Dr. Wahidin Sudirohusodo merupakan pembangkit semangat organisasi Budi Utomo. Sebagai lulusan sekolah dokter Jawa di Weltvreden (sesudah tahun 1900 dinamakan STOVIA, ia merupakan salah satu tokoh intelektual yang berusaha memperjuangkan nasib bangsanya. Pada tahun 1901 Dr. Wahidin Sudirohusodo menjadi direktur majalah Retnodhoemilah (Ratna yang berkilauan) yang diterbitkan dalam bahasa Jawa dan Melayu, yang dikhususkan untuk kalangan priyayi. Hal ini mencerminkan perhatian seorang priyayi terhadap masalah-masalah dan status golongan priyayi itu sendiri. Ia juga berusaha memperbaiki masyarakat Jawa melalui pendidikan Barat.

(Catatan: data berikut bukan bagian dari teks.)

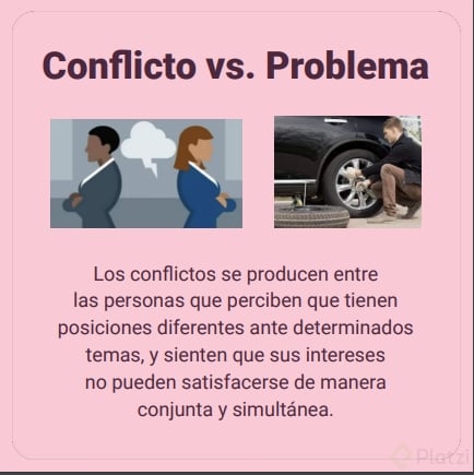 Mientras que los problemas tienen soluciones concretas y surgen ante circunstancias específicas, como cambiar una rueda pinchada de tu auto, los conflictos trascienden a eso. Involucran a más de dos personas que ven el mismo escenario de manera diferente, están en desacuerdo y necesitan manejar esas diferencias. Los problemas son situaciones concretas con respuestas claras, y el conflicto va más allá del simple hecho físico, involucrando perspectivas personales y subjetividades.
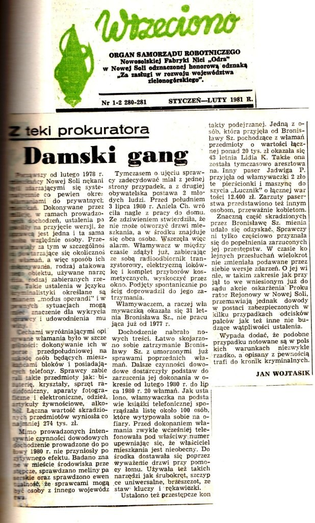 Zatrzymanie Bronisławy Sz. dało początek zaskakującym ustaleniom. Najstarsi milicjanci ani prokuratorzy nie pamiętali bowiem, żeby w kryminalnej przeszłości Nowej Soli pojawiła się kobieta – włamywacz z tak „imponującym dorobkiem”. Sprawnością działania fizycznego, ale przede wszystkim niezwykle przemyślnym planem i skutecznością Bronisława Sz. mogłaby zawstydzić niejednego nowosolskiego złodzieja.
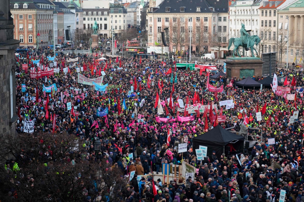 Protesters gather on Christiansborg Square in front of the Danish Parliament in Copenhagen, Denmark, during a demonstration on February 5, 2023. (Photo by Emil Helms / Ritzau Scanpix / AFP)
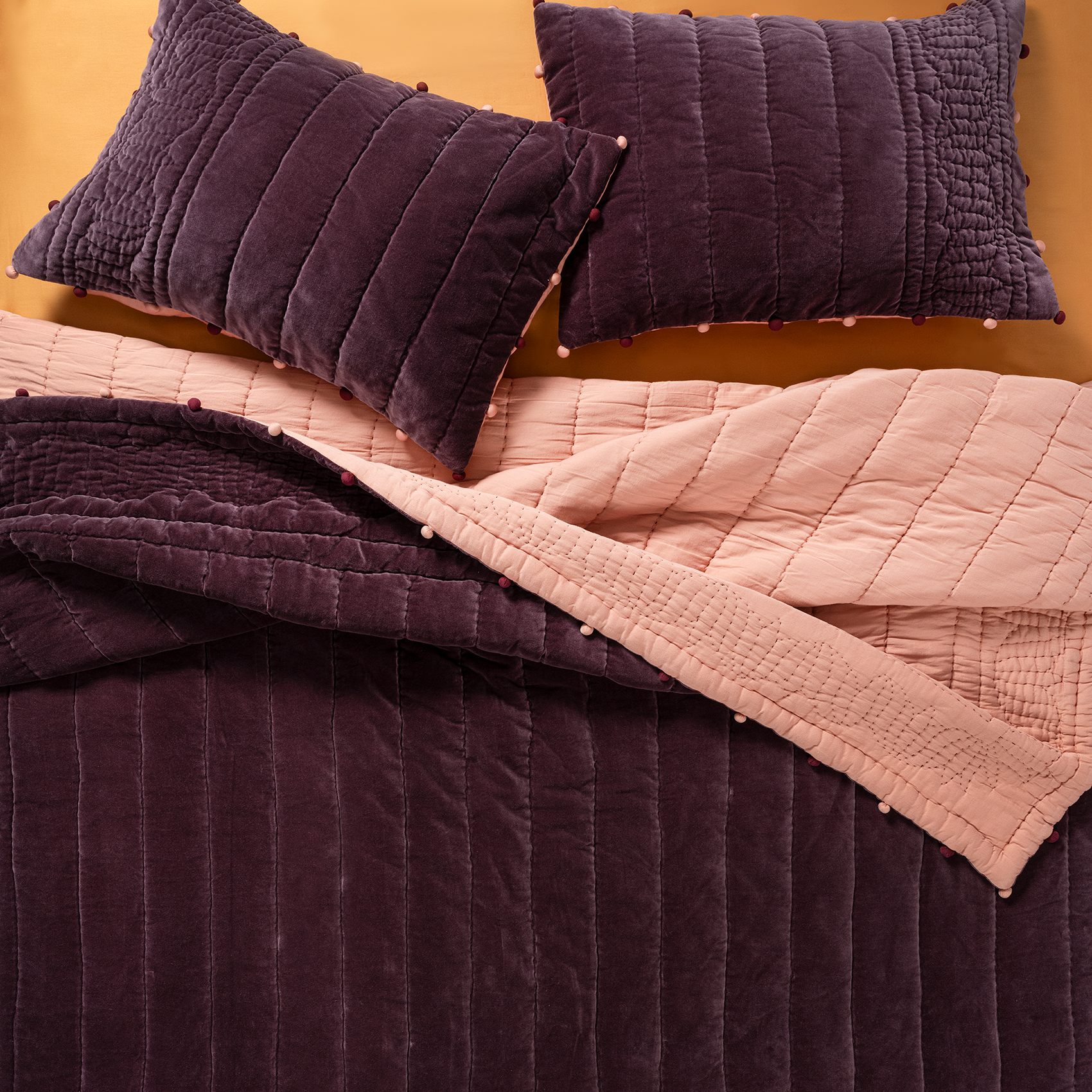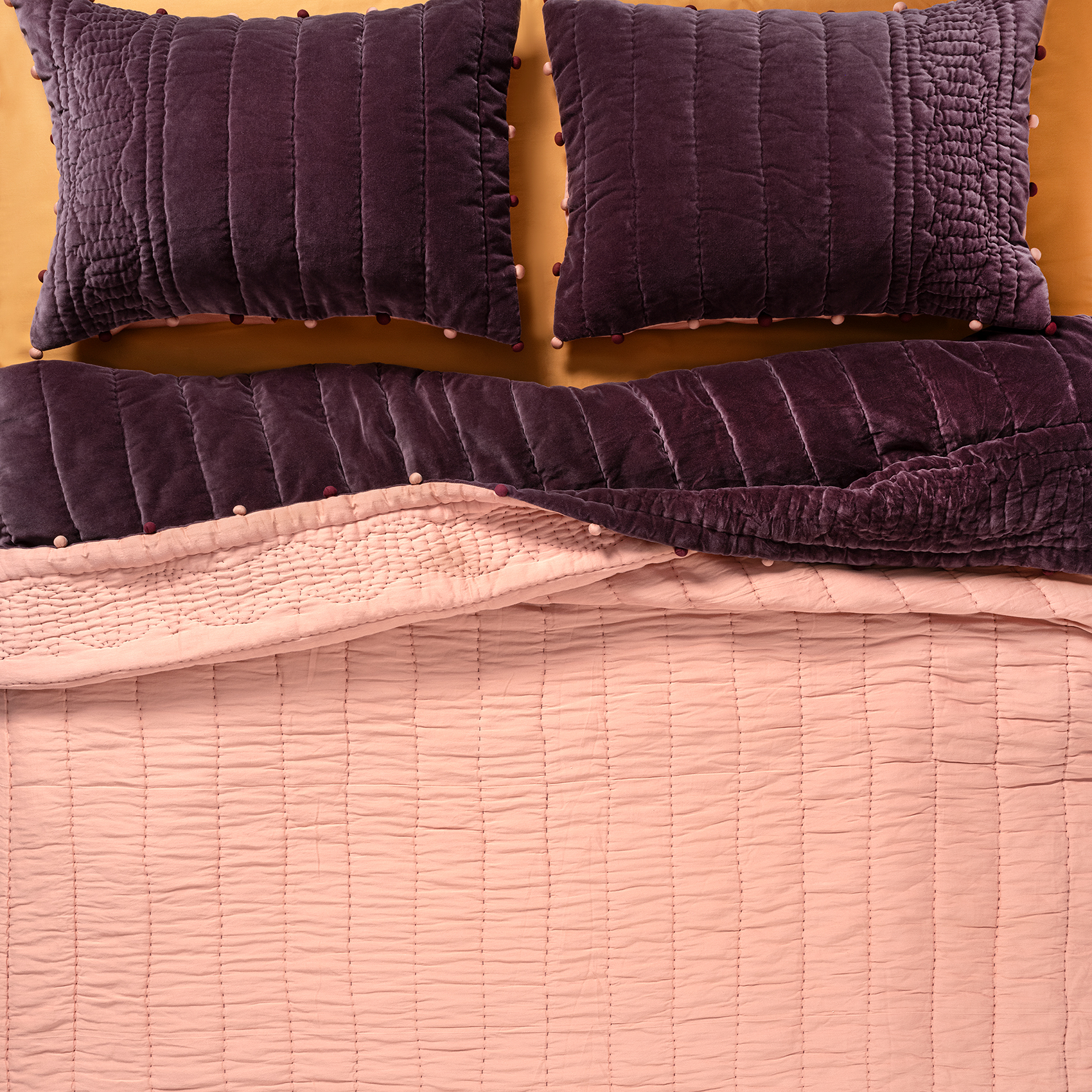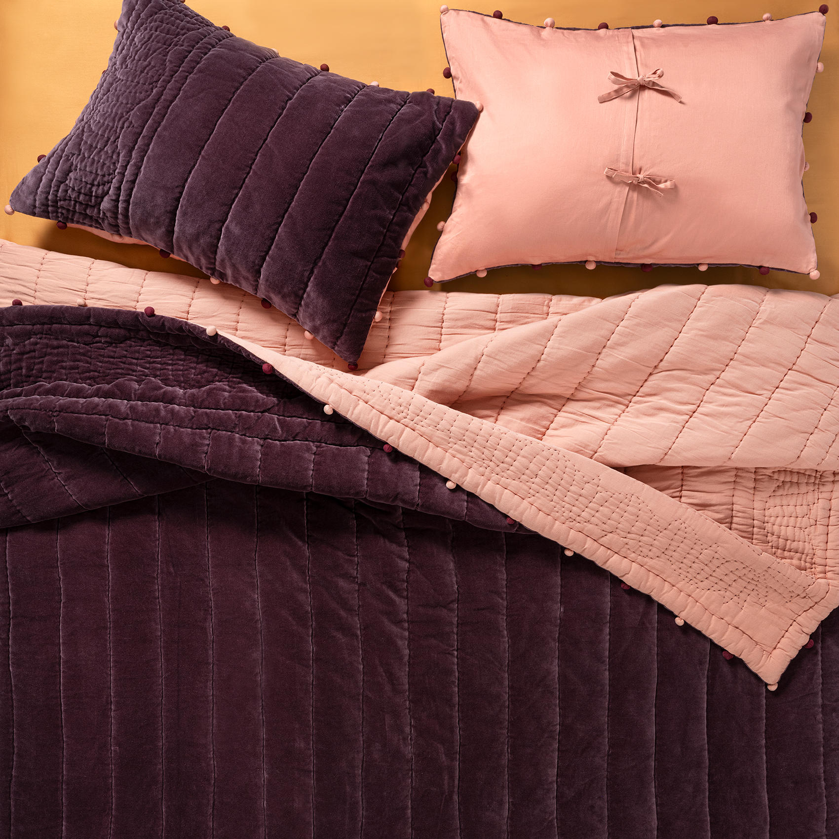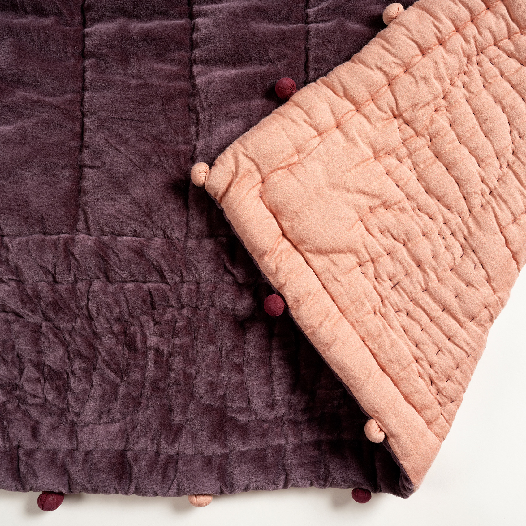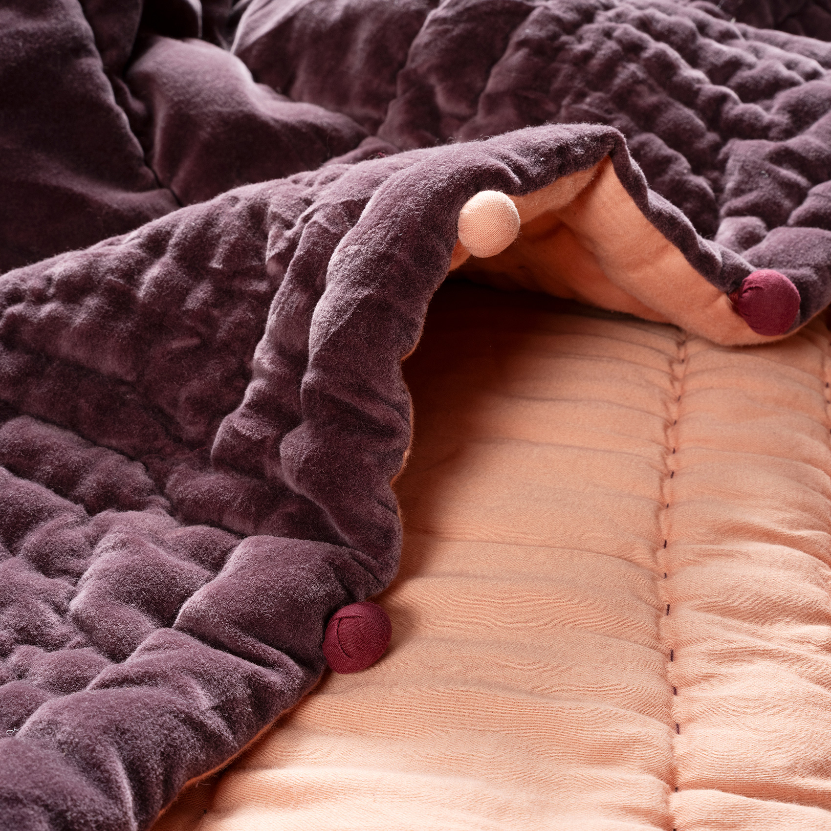 Okhla El İşi Kapitoneli Pamuk Kadife Pamuk Kadife Yatak Örtüsü Seti 260x280 Cm Vışne - Kıl

Namun tidak semua golongan priyayi mendukung berdirinya Budi Utomo tersebut. Hal ini disebabkan kaum priyayi birokrasi dari golongan ningrat atau aristokrat mengadakan reaksi jika gerakan tersebut mengancam kedudukan kaum aristokrasi yang menginginkan situasi status quo, yaitu keadaan yang dapat menjamin kepentingan mereka. Secara politis pada tahun-tahun pertama keberadaanya hampir non-partisan. Sifat organisasi dan pernyataan pemimpinnya tampaknya membenarkan pandangan, yang dipegang oleh hampir semua pakar Eropa mengenai Indonesia, bahwa Islam hampir tidak mengubah pandangan hidup orang Jawa dari prototype pada dasarnya Indonesia dan bahwa konsep ideal Islam tidak pernah secara radikal mengubah perilaku spiritual itu.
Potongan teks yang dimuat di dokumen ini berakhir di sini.